Scrivener supports importing and viewing the WebArchive format via the Web Kit component of the Mac, whatever that format does or does not do correctly is a problem with the format and the viewer that has been supplied to use for working with it. I’ve never been a big fan of it for this reason, and for the reason that I generally do not want the entire page anyway—all of the data mining tracking bugs, Flash ads that make Web Kit unstable and a security nightmare and even the navigation components around the content I intend to archive. I want to trim all of that junk out, and so for my purposes importing as text is the best solution.
And yes, some legitimate stuff can end up not being archived as well, it depends on how the page was coded. Increasingly, web designers create web pages that are all but inoperable all by themselves. The browser has to go and fetch data from potentially dozens of different web sites, for everything from CSS to Javascript to images, just to put it all together into a form that most people will recognise.

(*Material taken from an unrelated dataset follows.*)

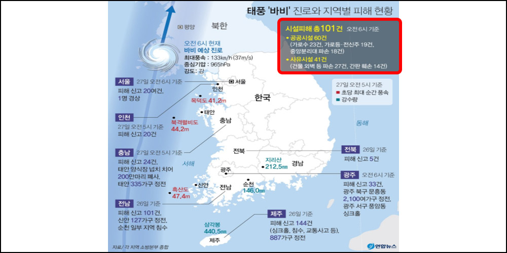 이외에도 열차 운행 일부 중단 등 일시적으로 하늘길과 뱃길 통제 같은 피해를 입었습니다. 연합뉴스 측 자료가 정리가 잘 되어 있는 것 같아 첨부해 놓겠습니다.
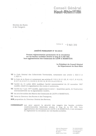 portant réglementation permanente de la circulation sur les bandes cyclables situées le long de la RD 466, hors agglomération, des communes de LAUW et MASEVAUX. Resumé Pièces jointes ARRETE Assemblée : Non défini Date : 09/03/2010 Rapporteur : Non défini Collectivité : Conseil départemental du Haut-Rhin Direction : Non défini Service : Direction des Routes Domaine : Circulation Commission :

I believe WebArchive does some encapsulation, but not everything will get imported.
Yes, but the whole point of a web archive is that it’s off-line. Scrivener for some reason is trying to load elements from the original page online, which is what doesn’t make sense.

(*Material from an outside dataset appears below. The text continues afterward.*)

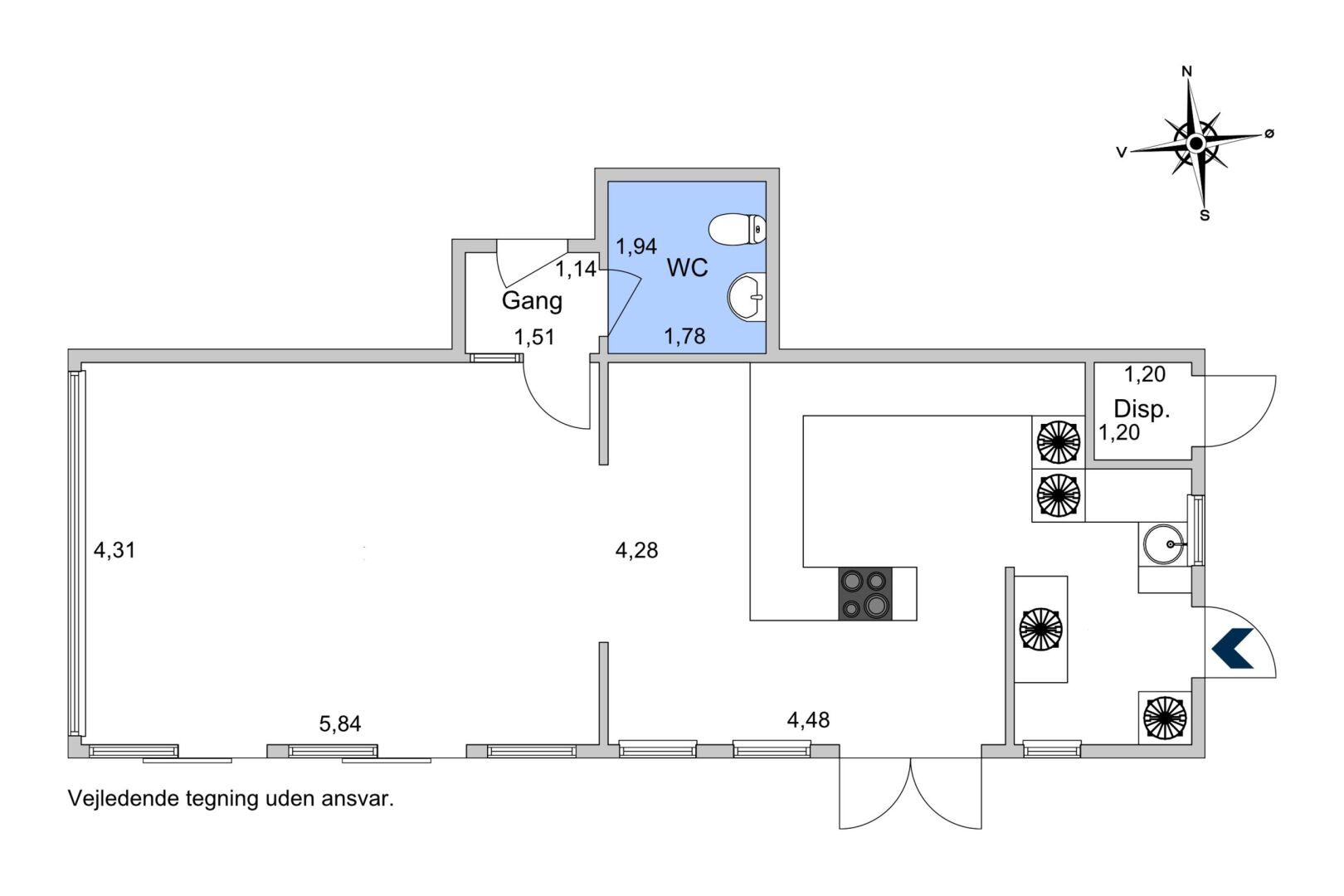 Grillbaren har et areal på ca. 72 m² og byder på funktionelle og velindrettede faciliteter, herunder:

Yes, but as we have both said, that’s down to Apple’s WebKit, nothing to do with Scrivener. You can always covert them to text or import the files as PDF instead.

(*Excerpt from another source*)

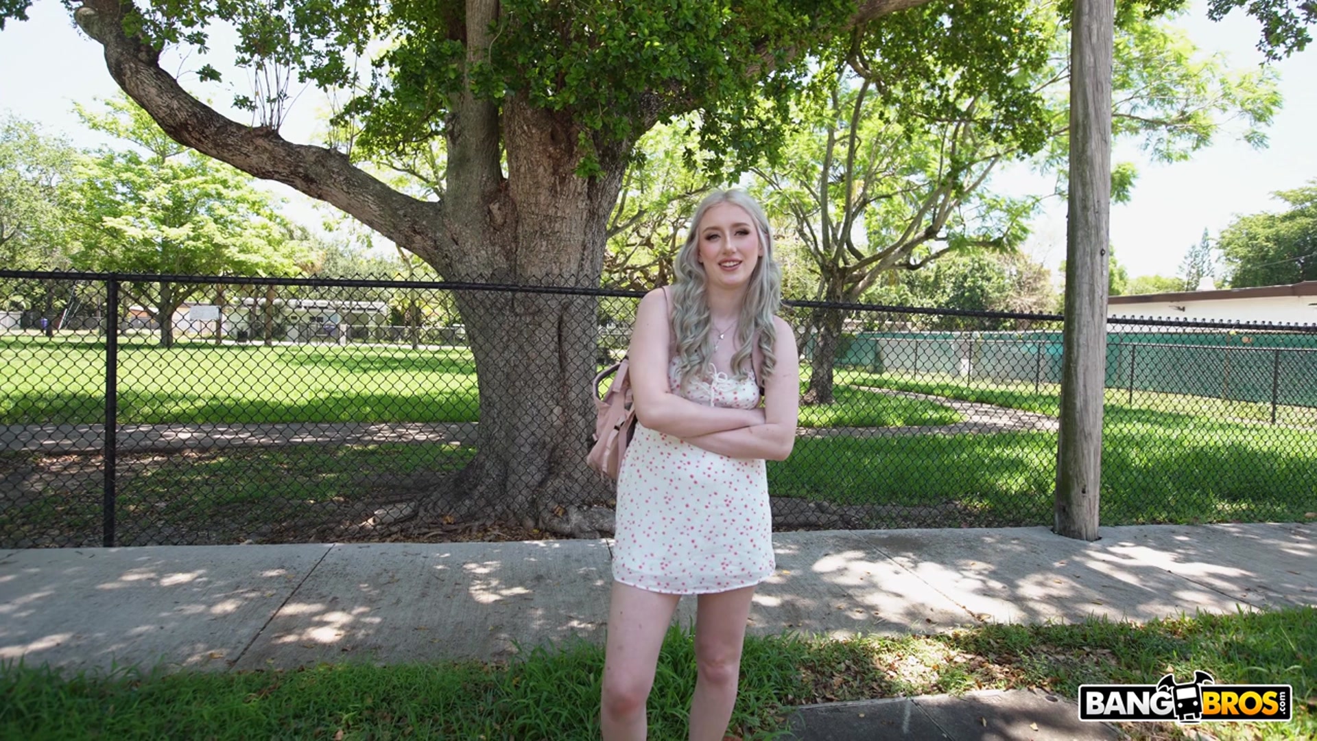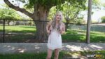 Izzy Rae stands outdoors in her short white polka-dot dress before climbing into the Bang Bus. Once inside she strips completely, spreading …

You can default webarchives to open with TextEdit. Not pretty, but they shouldn’t update when loaded in the external editor (TextEdit), as they do when loaded in Safari.
given how useful having an archive of the text and visual information from web pages can be that functions offline, i’d like to request that mac users get some kind of “pdf” import option when they try to pull a web page into research the way pc users do
of course it is possible to export to pdf in advance and import but saving the extra step and keeping the nice formatting scrivener uses would be ideal and a great timesaving feature imo
I can’t speak to whether directly doing so is possible with the tools available on a Mac, but all Mac software that can print through the standard OS X printing dialogue can create a PDF, it is a native feature of the operating system, and Scrivener can be a direct target from any print dialogue, from the “PDF” button. If you don’t see that option, you might need to manually install it. Instructions are provided in §11.4, Print as PDF to Scrivener, pg. 141 of the user manual.
I like to combine the ability to “print” a PDF of a web page directly to Scrivener with the “Reader” feature of Safari, which cleans up the fonts and usually includes only relevant images from the web page. Some Evernote extensions available in other web browsers have a similar website view that can often be used to make uncluttered PDFs for importing to Scrivener.
A good one for Firefox (which also has a built in reader mode) is the HackTheWeb extension, which takes its inspiration from the now defunct Aardvark. When you use that extension, your mouse highlights regions of the page in a red rectangle, and you get a few buttons to do things with those regions. For example you can select the article portion of a page and hit the i key to “isolate”, stripping every element outside of that box out of the page. If you use Stylish as well, you can even save your modifications so that the site will go on looking the way you trimmed it.
It’s useful for those occasions where the reader feature doesn’t work right, or if it just does too much change to the article’s text formatting.